CalPERS Writes Off Stake in Big Apple Apt. Complex

January 25, 2010 ( – With the owners of a giant New York City apartment complex deciding to turn the keys back over to their creditors, the California Public Employees' Retirement System (CalPERS) has lost its $500-million stake in the deal.

The Los Angeles Times reported that CalPERS wrote off its 26.5% stake in Stuyvesant Town and Peter Cooper Village last year as the complex of 56 buildings with 11,000 rental units struggled under its $4.4-billion in debt and the impact of the down economy. Purchase of the development was considered the biggest deal ever in the U.S. for a single piece of residential property.

At the time it made the investment, CalPERS estimated it would enjoy a 13.5%-return over seven years.

“This was one of our investments when the real estate market was peaking during 2005 and 2006,” Clark McKinley, a CalPERS spokesman, told the Times. “Performance was negatively affected by the aftershock of the market collapse.”

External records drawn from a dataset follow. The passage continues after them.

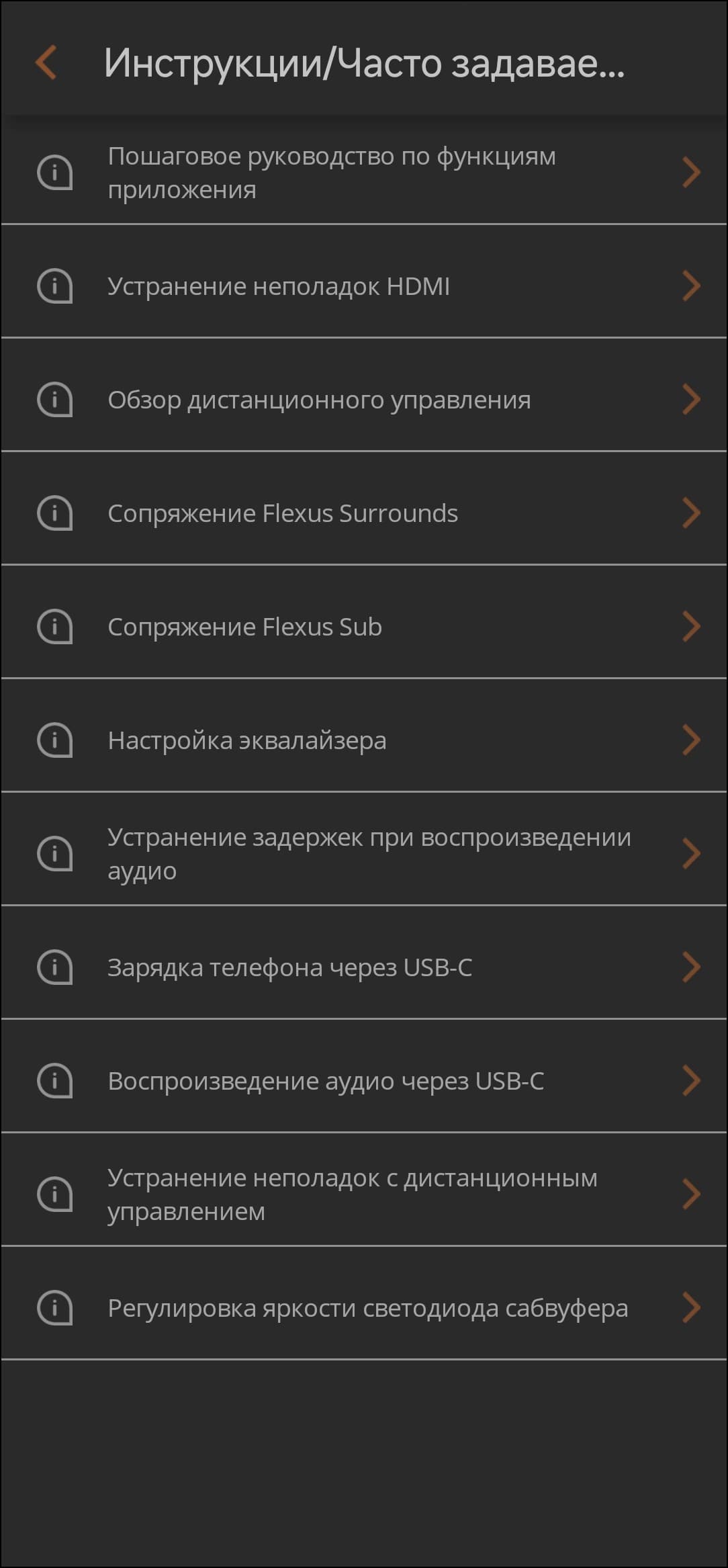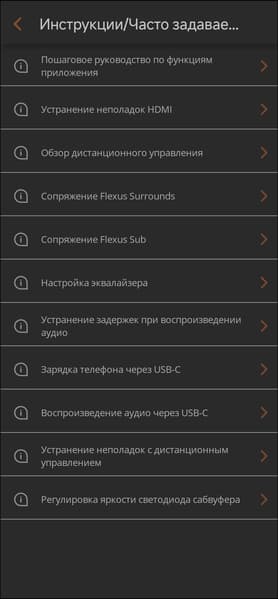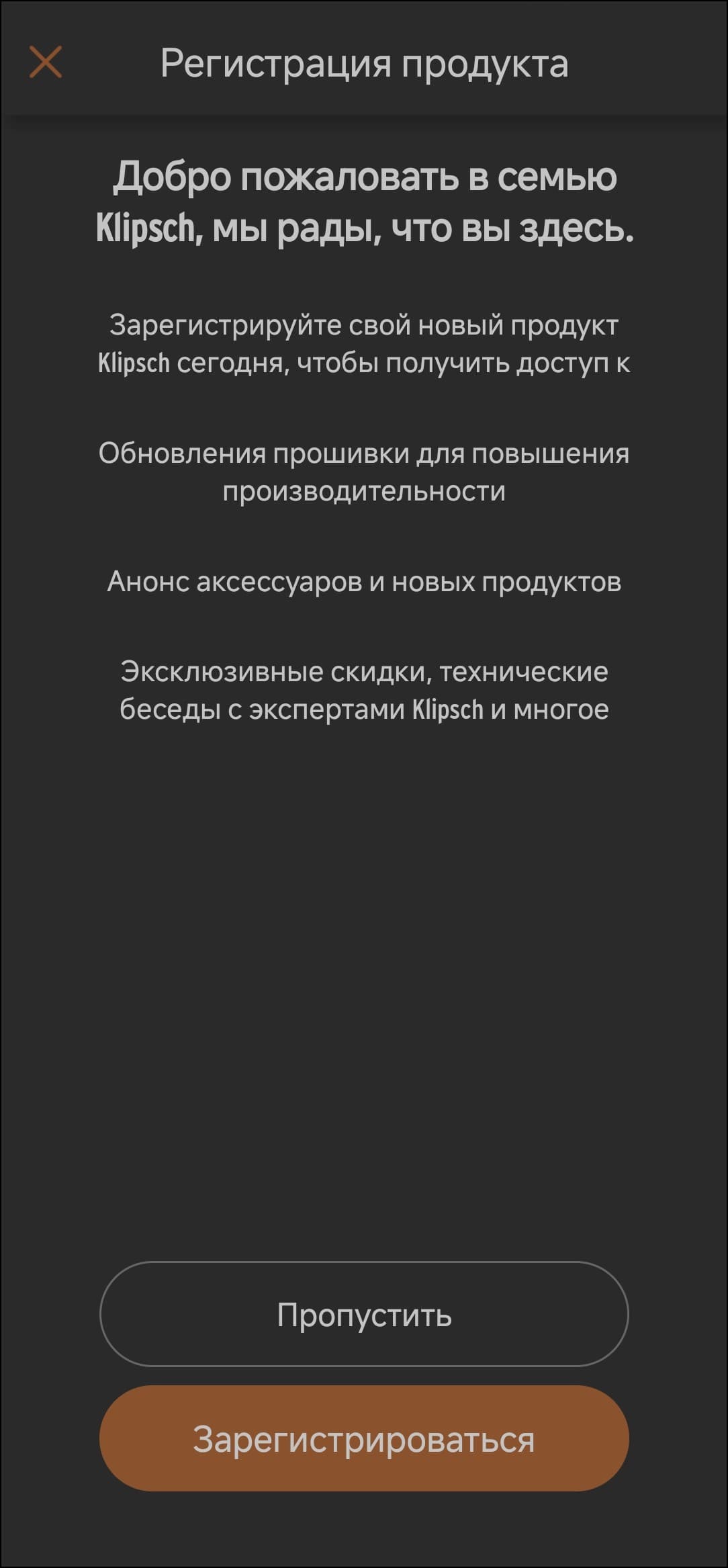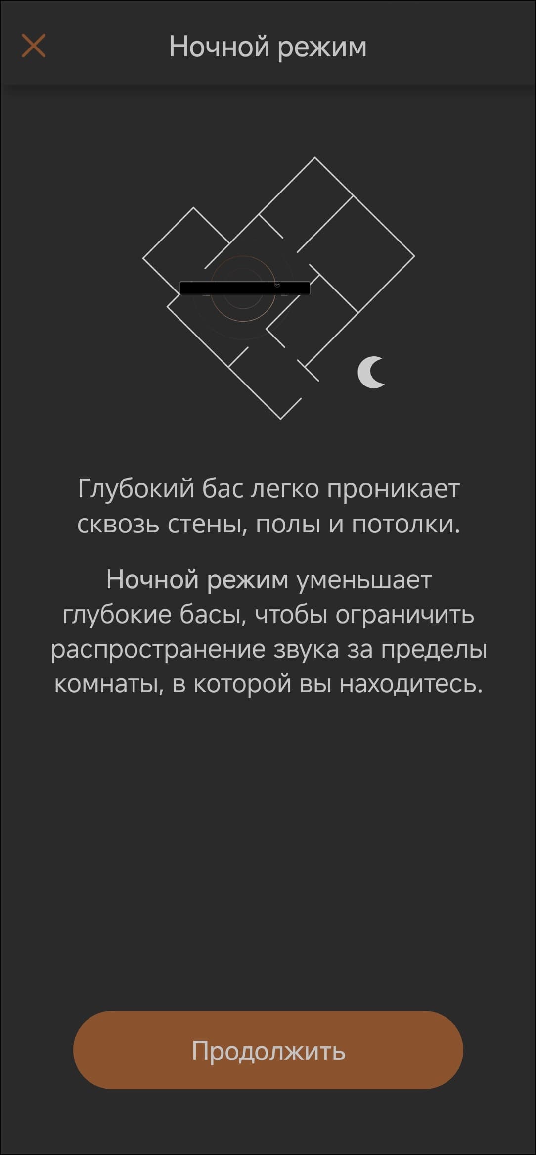 Ну а для всего остального есть Klipsch Connect Plus App. Как мы уже выяснили выше, поддержки Wi-Fi у саундбара нет, для связи с приложением используется Bluetooth-подключение. Видимо поэтому изменение настроек происходит слегка неспешно. Но не настолько, чтобы это стало серьезной проблемой. После установки ПО предлагает небольшой гайд, в ходе изучения которого можно сразу сделать основные настройки.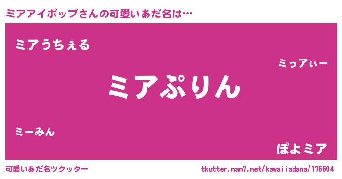 | 男性向けラノベタイトル風あだ名 | 『はたらくミアアイポップさま!』 |
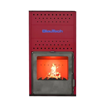 Termoșemineu pe lemne 18.4 kW, pentru încălzire centrală, cu geam termoizolantă, roșu, BT-HIDRO20 R, BlauTech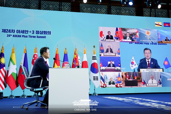 문 대통령이 이날 참석한 ‘아세안+3 정상회의’는 1997년 아시아 금융위기에 대한 공동 대응을 계기로 출범한 아세안 10개국 및 한·중·일 3국간 역내 회의체이다. 12개국 정상들은 코로나19 위기 상황에 대한 대응과 그간 협력의 성과와 향후 추진 방향에 대해 논의하고 역내 정세에 대해서도 의견을 교환했다.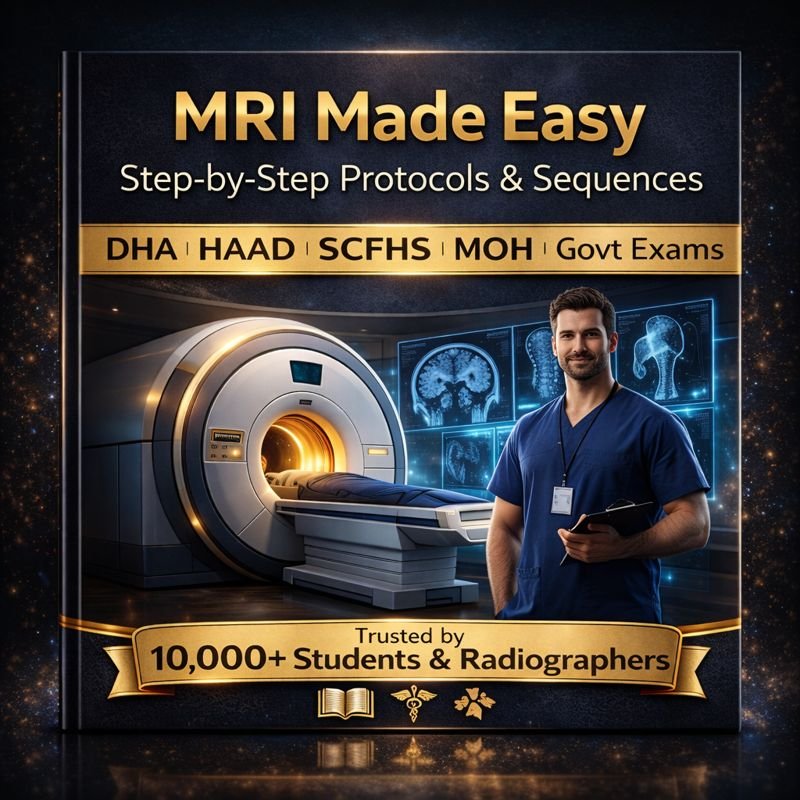 This eBook explains MRI protocols and sequences in a structured, practical, and simplified way, using short notes, tables, and bullet points—so you can revise faster and perform confidently inside the MRI room.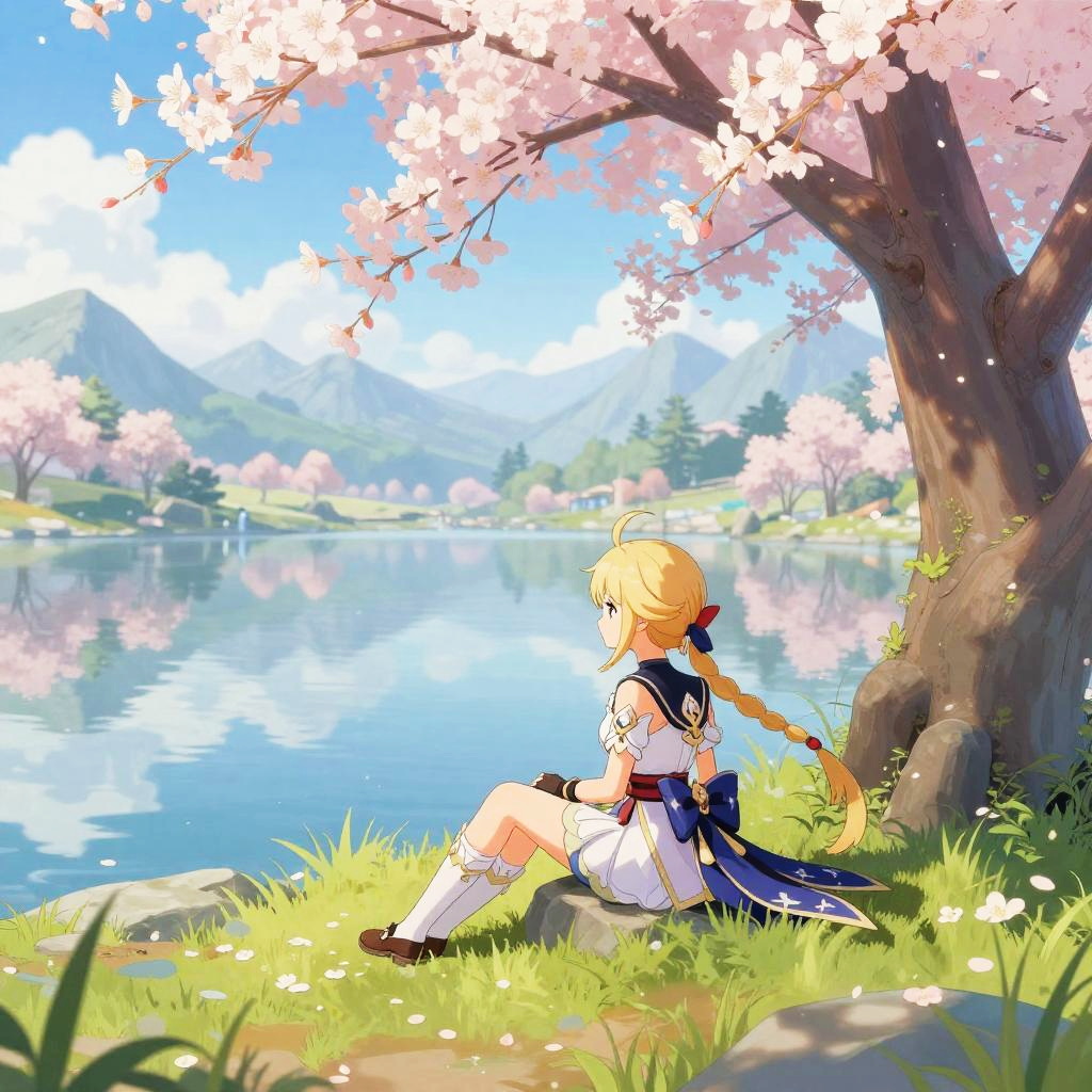 This digital anime-style illustration depicts a young girl with green hair and a braid, sitting on a grassy rock by a tranquil, sunlit pond. She wears a white, loose-fitting t-shirt and green shorts. Her profile faces left, showcasing her calm expression. The background features lush, green trees and bushes, with sunlight filtering through, casting dappled shadows on the water and rocks. White flowers dot the grassy area, adding to the serene, natural setting. The water reflects the greenery, enhancing the peaceful atmosphere.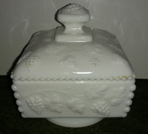 Title (ebay affiliate link): Vintage White Milk Glass Westmoreland Square Candy Dish "Harvest Grape"

According to The Times, the value of CalPERS’ real estate portfolio dropped by 47.5%, spurring CalPERS to drop some real estate advisers and to write down many of its holdings to zero market values (see CalPERS to Terminate Managers over Real Estate Losses).

Returning the development to its creditors was considered an alternative to foreclosure proceedings (see Pension-Backed NYC Investment could be in Foreclosure by 2010).  CalPERS was not the only large pension fund with a stake in the Stuyvesant project (see Fla. Pension’s NYC Real Estate Deal Goes Sour).